Standing up for peace


Posted by strattof on April 14, 2011

1. Why did your party consent to Canada’s involvement in the military mission in Libya?

●The declared goal of the mission is to protect civilians from Colonel Qaddafi’s security forces. There are credible reports that the western bombing campaign has already killed a number of civilians. As the wars in Afghanistan and Iraq demonstrate, aerial bombings by western forces pose an enormous danger to civilian populations. ●How many millions (or will it be billions?) is this mission going to cost Canadians? Why is nobody in Ottawa asking this question? This is taxpayers’ money that could be spent on healthcare, education, and affordable housing. ●For the first time ever, Canada is fighting two wars simultaneously.

2. Do you think the Canadian government should purchase fighter jets?
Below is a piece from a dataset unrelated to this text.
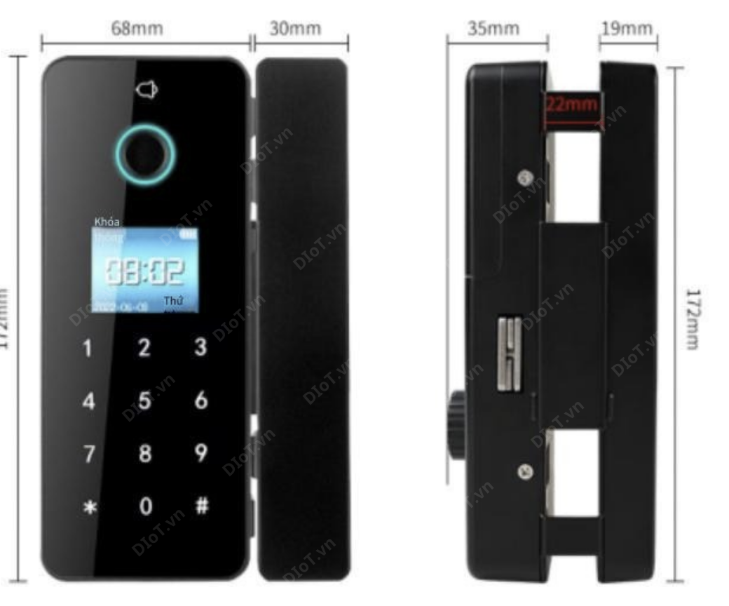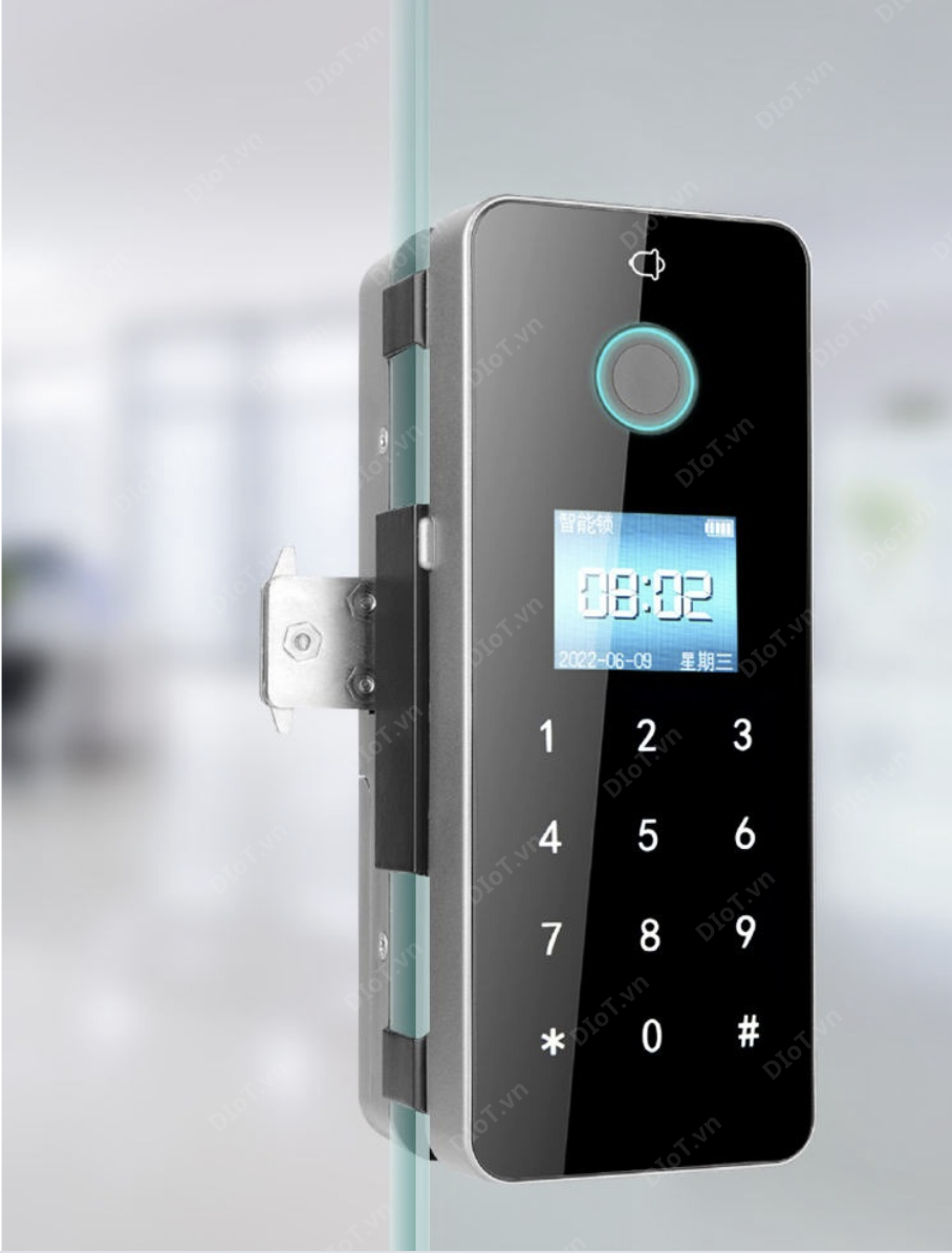 Cảm biến vân tay điện dung: Khoá vân tay chuyên lắp cho cửa kính lưu trữ đồng thời 100 vân tay, tốc độ nhận diện 0,02s.

●Last summer, the federal government announced its intention to purchase 65-F-35 fighter-bombers from Lockheed Martin for $16 million. According to Parliamentary Budget Officer Kevin Page, the true cost of the purchase will be $30 billion. Washington defence analyst, Winslow Wheeler, says even this figure is too low, that the fighter jets will cost about $40 billion. ●These stealth fighter-bombers are weapons of aggression, not defence. Canada is not expecting an aerial attack against its territory. Rather these fighter-bombers are being purchased to allow Canada to participate in wars launched by the USA and its allies. Why is there always more money for weapons and war-fighting and never enough to spend on important social programs that benefit all Canadians?                                                                      
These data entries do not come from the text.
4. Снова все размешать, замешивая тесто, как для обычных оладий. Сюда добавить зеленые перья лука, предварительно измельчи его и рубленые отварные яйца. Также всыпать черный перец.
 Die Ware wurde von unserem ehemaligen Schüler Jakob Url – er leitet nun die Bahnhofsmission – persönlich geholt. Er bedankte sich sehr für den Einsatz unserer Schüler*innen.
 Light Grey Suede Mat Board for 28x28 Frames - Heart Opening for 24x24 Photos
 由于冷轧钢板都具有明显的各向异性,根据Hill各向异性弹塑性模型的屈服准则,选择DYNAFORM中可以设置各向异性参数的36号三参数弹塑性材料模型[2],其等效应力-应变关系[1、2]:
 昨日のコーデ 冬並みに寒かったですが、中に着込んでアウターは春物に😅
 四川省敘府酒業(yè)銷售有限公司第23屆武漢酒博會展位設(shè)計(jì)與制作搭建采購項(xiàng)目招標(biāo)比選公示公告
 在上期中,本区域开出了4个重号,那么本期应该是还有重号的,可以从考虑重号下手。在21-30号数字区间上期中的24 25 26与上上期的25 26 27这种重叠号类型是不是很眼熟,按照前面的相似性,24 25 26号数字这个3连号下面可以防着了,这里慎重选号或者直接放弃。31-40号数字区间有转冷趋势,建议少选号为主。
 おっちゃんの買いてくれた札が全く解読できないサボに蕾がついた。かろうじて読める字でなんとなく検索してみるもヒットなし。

 3. Do you think corporate taxes should be cut or raised?

Corporate tax rates: 1993-2012

1993: 28%.

2003: 23%.

2008: 19.5%.

2010: 18%

2011: 16.5%

2012: a planned cut of 1.5% to 15%

Over the past two decades, Liberal and Conservative governments have cut corporate taxes by almost 50%. The cost of these cuts to the government over the period 2007-2012 is estimated to be $14 billion. This is money that could be spent on ending child poverty in Canada. Canada’s corporate tax rate is already considerably lower than that of the US, which stands at 35%, as compared to Canada’s 16.5%.  
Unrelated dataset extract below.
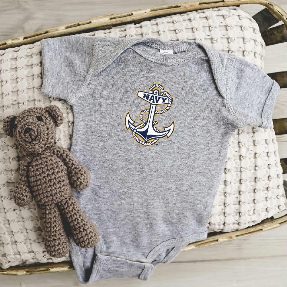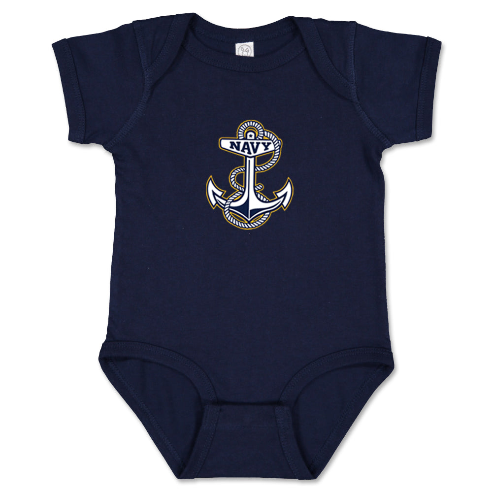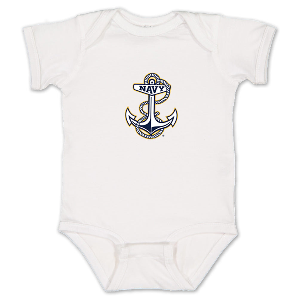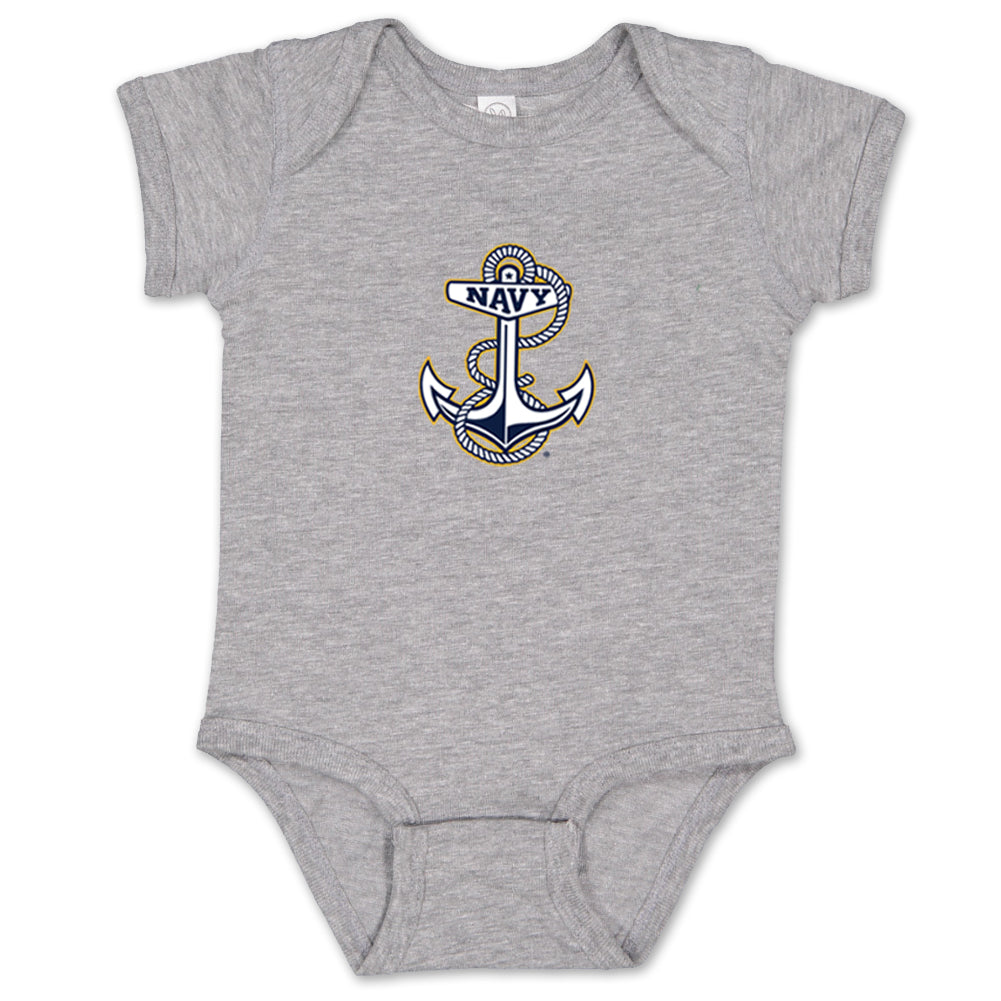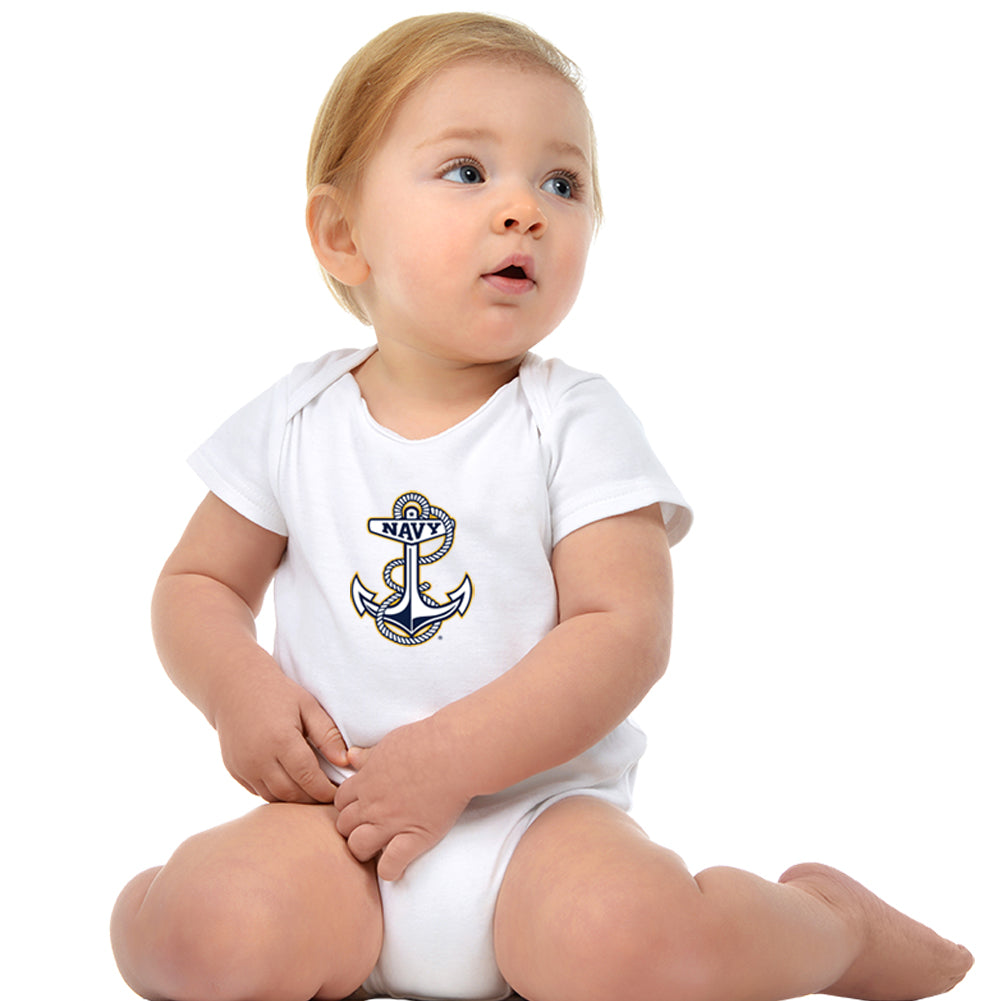 Start your little one's Navy pride early with the Infant Navy Anchor Logo Romper!

4. How do you propose to end child poverty in Canada?

In 1989, the House of Commons unanimously resolved to eliminate poverty among Canadian children by the year 2000. Yet today 610,000 Canadian children, or nearly one in ten, are poor. Aboriginal people are disproportionately affected; in First Nations communities one in four children lives in poverty. Boosting the Child Tax Benefit to $5,100 per child would go some way to eliminating child poverty in Canada.

5.  Will you work for the removal of Abousfian Abdelrazik’s name from the UN 1267 list?

Abousfian Abdelrazik has  been cleared of all suspicion of terrorist activities by both the RCMP and CSIS. Still his name remains on the UN 1267 “No-Fly” list, which prevents him from earning a salary, receiving gifts or loans of money, or maintaining a bank account. The Canadian government can lift the sanctions from Mr. Abdelrazik in Canada. It can also lobby UN Security Council members to have Mr. Abdelrazik’s name removed from the 1267 list.                    

6. Do you support a fair, ambitious, binding international agreement to stop climate change?

On the 2011 Climate Change Performance Index, Canada ranks 57th out of 60. We are one of the top ten CO2 emitters in the world. Our country is also the only country to have reneged on its international obligations to fight climate change. Furthermore, Canada has undermined efforts to reach a new accord. A tax on carbon would be an important first step in improving Canada’s environmental performance.